I didn't need a key to get in, the screen door was hanging open and on one hinge. The front door had been broken open with a crowbar and was standing wide open.
Inside was worse than I was hoping. It smelled awful and the stained and torn carpet squished when I stepped on it. There were no appliances in the kitchen and all the cupboards were standing open. It was a square house, very basic with four rooms. A small kitchen, a small living room, a small bedroom with a tiny closet and a tiny bathroom. Every single window was smashed, most of them outward and not inward, but there was absolutely nothing in the house at all. Not even a toilet or sink. The small walk in shower looked and smelled like people had been pissing in it.
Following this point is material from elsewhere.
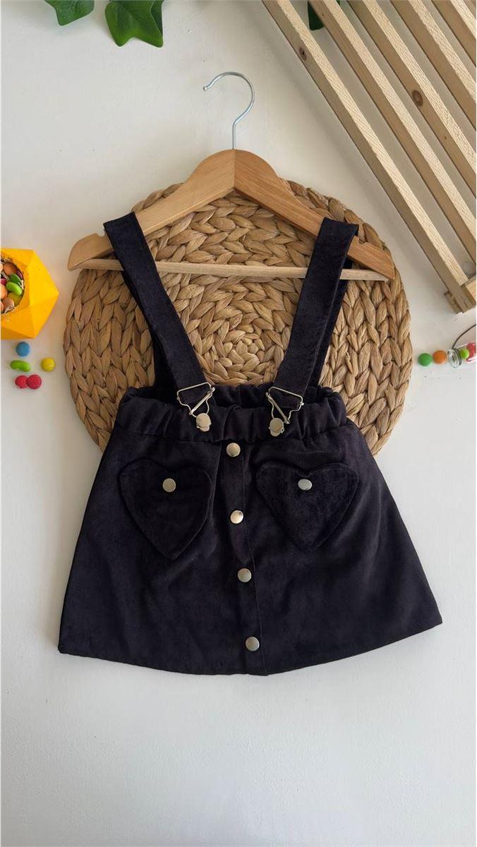 8006 Kalp Cepli Süet Kumaş Etek Salopet SIYAH

This was an unholy mess. It was also going to suck.
May as well get started. Grumpily, I went out to my car as I looked up the closest hotel/motel. Super, 67 miles. Rolling my eyes, I drove down to Gene's and pulled in next to a truck with a bed that belonged to a different truck and a hood that belonged to another, all frankensteined together.
Inside was busier than I imagined and I blinked as I looked around at all of the faces in the small bar. Going to the bar, I sat on a stool near the end and the bartender came over.
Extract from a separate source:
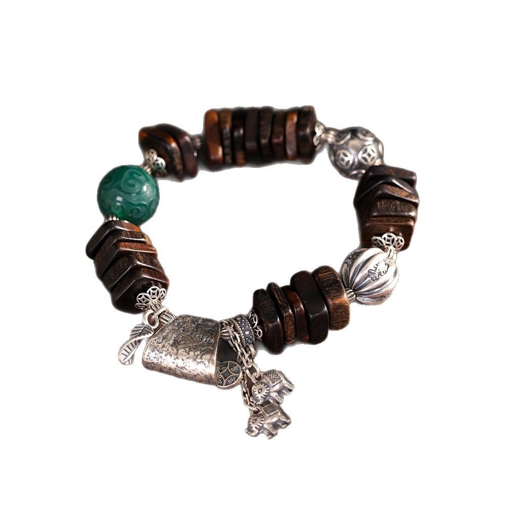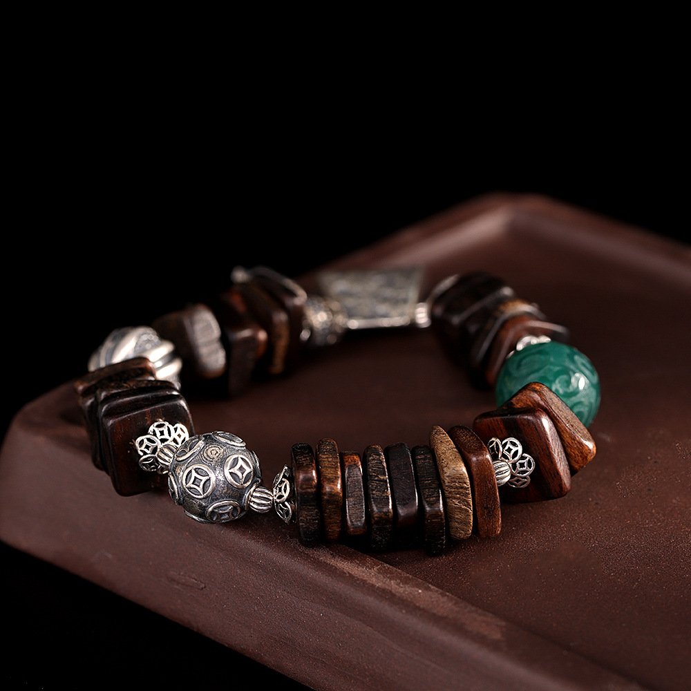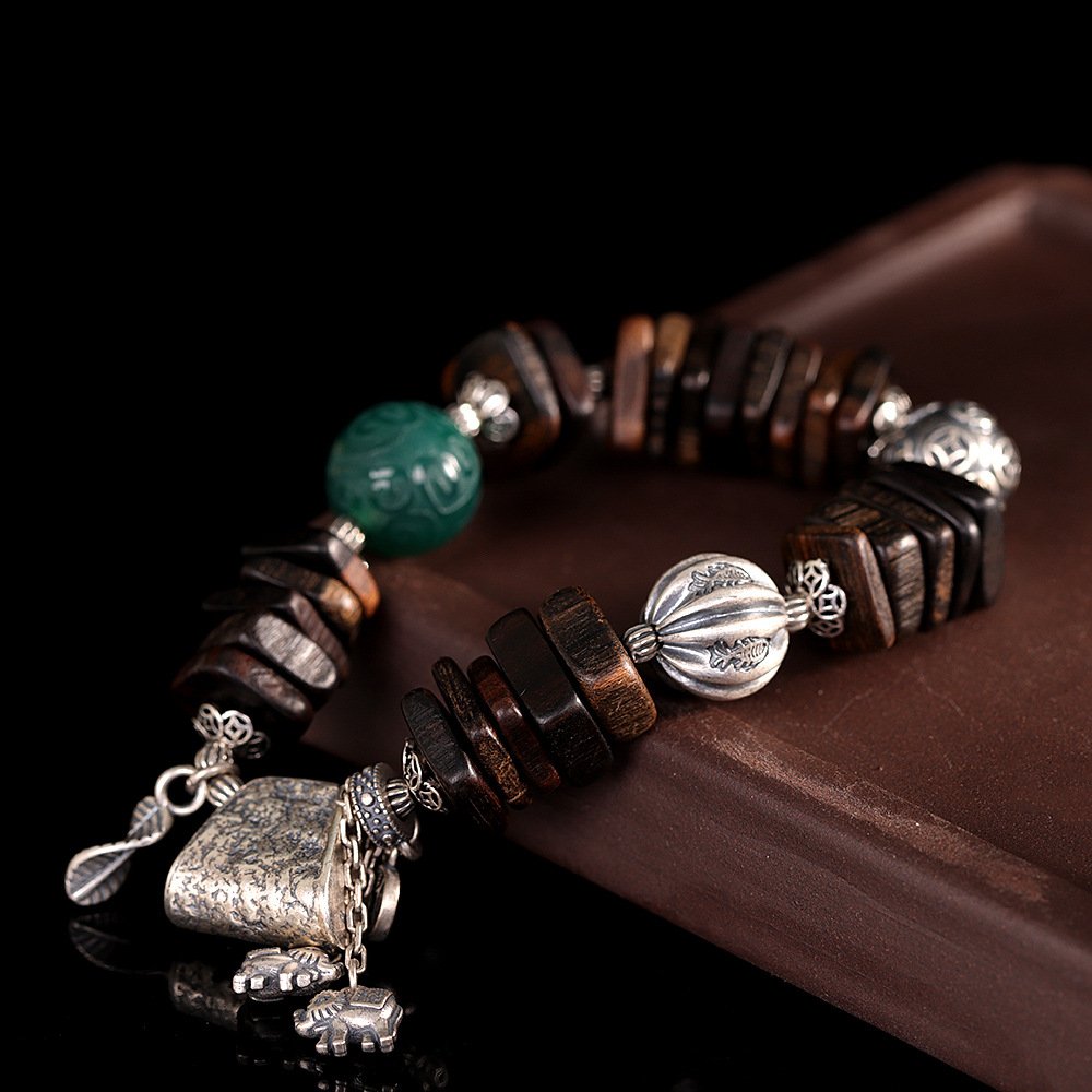 This meticulously handcrafted prayer bead bracelet blends three distinctive materials—ethnic Tibetan silver, smooth green agate and aromatic agarwood, all deeply rooted in Tibetan Buddhist culture. It carries blessings of peace and harmony, making it a unique spiritual accessory for daily wear and a precious collection for jewelry lovers.

I recognized her from school, but pretended I didn't. "Hi, what sort of wine do you have?"
"Red or white."
"Oh... do you know what kind or if..."
"Nope. One box is red, the other is white. We don't get a lot of wine drinkers in here."
"Umm. White is fine, thank you," I told her with a nervous smile.
She came back a moment later and set a glass down. One sniff and I grimaced. "Ma'am, I think your wine has gone sour?"
"Wine don't sour, it gets better with age!" she shot back, acting like I was trying to cheat her.
"No, that's only if it's unopened. How long has this been open? It smells like vinegar."
She snatched it up and smelled it, then scrunched her nose up. "That does smell like shit. You want something else?"
"Bloody Mary, hold the hot sauce."
"I can do that."
She went down the bar and I sagged in my seat. I would have to stop on the way to the hotel and grab some wine. And dinner too I guess, I hadn't eaten all day. I was so freaking tired of driving! Ugh, the thought of another hour behind the wheel made me want to cry.
"Six?"
I turned and looked at the man who'd used my old nickname.
Holy shit.
"Uhh... Hey Corin?" I half stuttered, looking up at the tall, skinny man.
Corin had been an absolute freak in highschool, like, literally out of his mind. He grabbed random people and licked their faces, hocked loogie's down girls shirts, cut himself and flung his blood at people, peed in a teachers wastebasket every single time he was told no on going to the bathroom during class. He was always in trouble, always suspended and the day he brought a gun and a kill list to school he was put in jail.
I'd been terrified of him, even if I hadn't been on his kill list. I was too young for him to have noticed me, just a freshman when he was a senior. Everyone knew Corin though, he was talked about even after I graduated.
"Never thought I'd see you again," he offered, looking me over and shoving his hands in his pockets.
"Ditto," I tried to smile. "It's temporary."